**Exercise objective:**
Skip the pictures and write out, word for word, the lines below from the one with "Lareiras portáteis são" through the one with "и мыслей. Несмотря", inclusive.

**Data extracts:**
──────

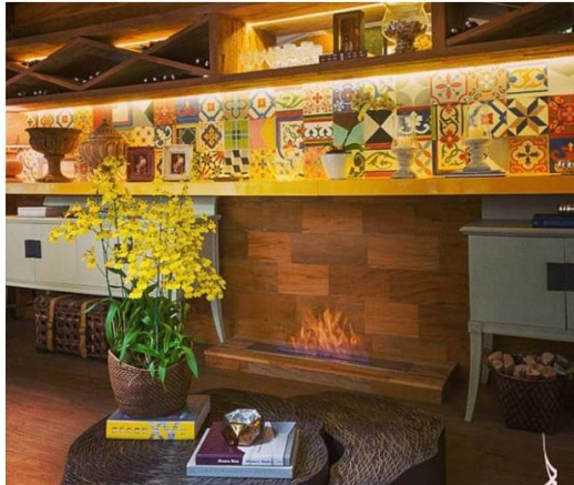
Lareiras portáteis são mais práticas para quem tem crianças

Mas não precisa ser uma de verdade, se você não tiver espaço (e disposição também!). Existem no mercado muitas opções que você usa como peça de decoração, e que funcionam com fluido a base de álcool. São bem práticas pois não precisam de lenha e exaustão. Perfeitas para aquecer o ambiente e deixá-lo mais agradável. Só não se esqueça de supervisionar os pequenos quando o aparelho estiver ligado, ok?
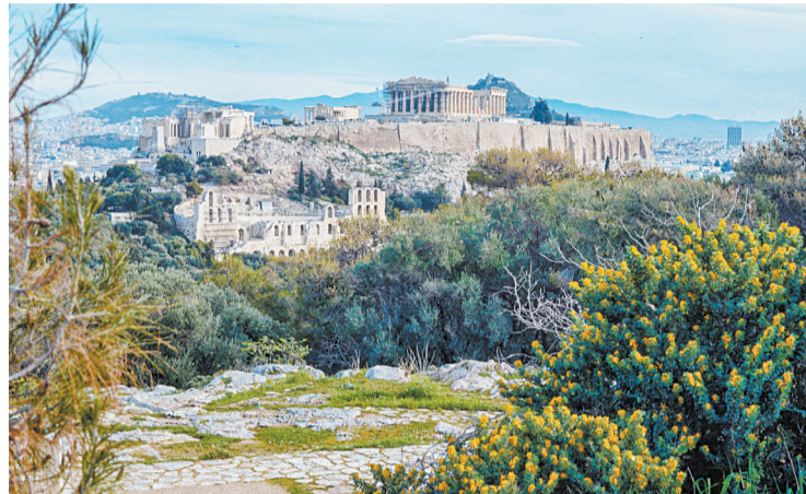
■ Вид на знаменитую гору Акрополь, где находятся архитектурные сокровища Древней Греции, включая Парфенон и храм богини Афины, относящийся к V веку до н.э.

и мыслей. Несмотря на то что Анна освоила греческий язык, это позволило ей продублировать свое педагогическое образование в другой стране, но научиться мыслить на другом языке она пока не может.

──────

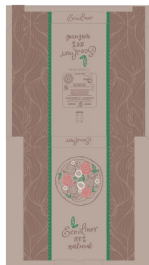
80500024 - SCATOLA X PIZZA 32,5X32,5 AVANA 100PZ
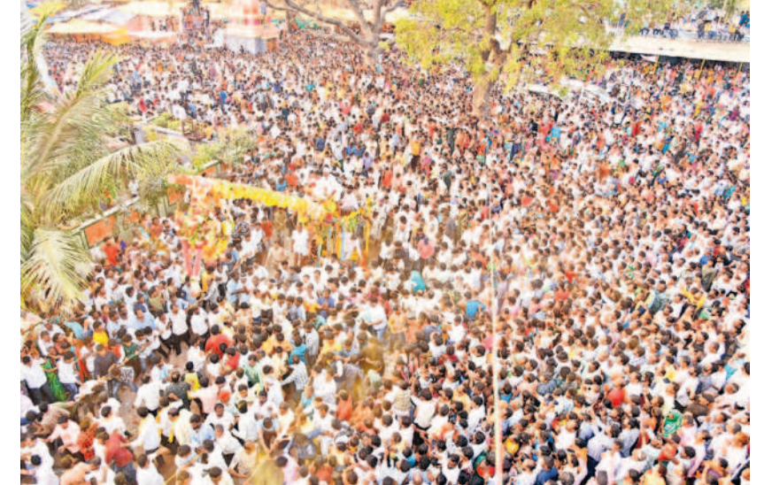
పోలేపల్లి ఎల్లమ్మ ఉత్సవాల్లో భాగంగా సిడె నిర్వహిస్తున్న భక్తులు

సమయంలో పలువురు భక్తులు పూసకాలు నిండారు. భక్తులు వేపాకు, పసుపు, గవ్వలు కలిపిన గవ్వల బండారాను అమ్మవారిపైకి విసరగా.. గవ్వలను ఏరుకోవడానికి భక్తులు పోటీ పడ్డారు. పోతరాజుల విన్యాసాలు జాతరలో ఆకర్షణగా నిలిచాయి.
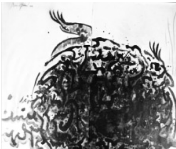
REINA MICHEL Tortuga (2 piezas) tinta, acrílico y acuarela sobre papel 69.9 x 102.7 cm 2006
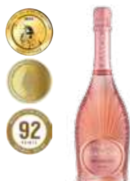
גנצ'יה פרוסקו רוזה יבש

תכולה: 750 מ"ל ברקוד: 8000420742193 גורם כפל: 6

──────

**Output below:**
Lareiras portáteis são mais práticas para quem tem crianças

Mas não precisa ser uma de verdade, se você não tiver espaço (e disposição também!). Existem no mercado muitas opções que você usa como peça de decoração, e que funcionam com fluido a base de álcool. São bem práticas pois não precisam de lenha e exaustão. Perfeitas para aquecer o ambiente e deixá-lo mais agradável. Só não se esqueça de supervisionar os pequenos quando o aparelho estiver ligado, ok?
■ Вид на знаменитую гору Акрополь, где находятся архитектурные сокровища Древней Греции, включая Парфенон и храм богини Афины, относящийся к V веку до н.э.

и мыслей. Несмотря на то что Анна освоила греческий язык, это позволило ей продублировать свое педагогическое образование в другой стране, но научиться мыслить на другом языке она пока не может.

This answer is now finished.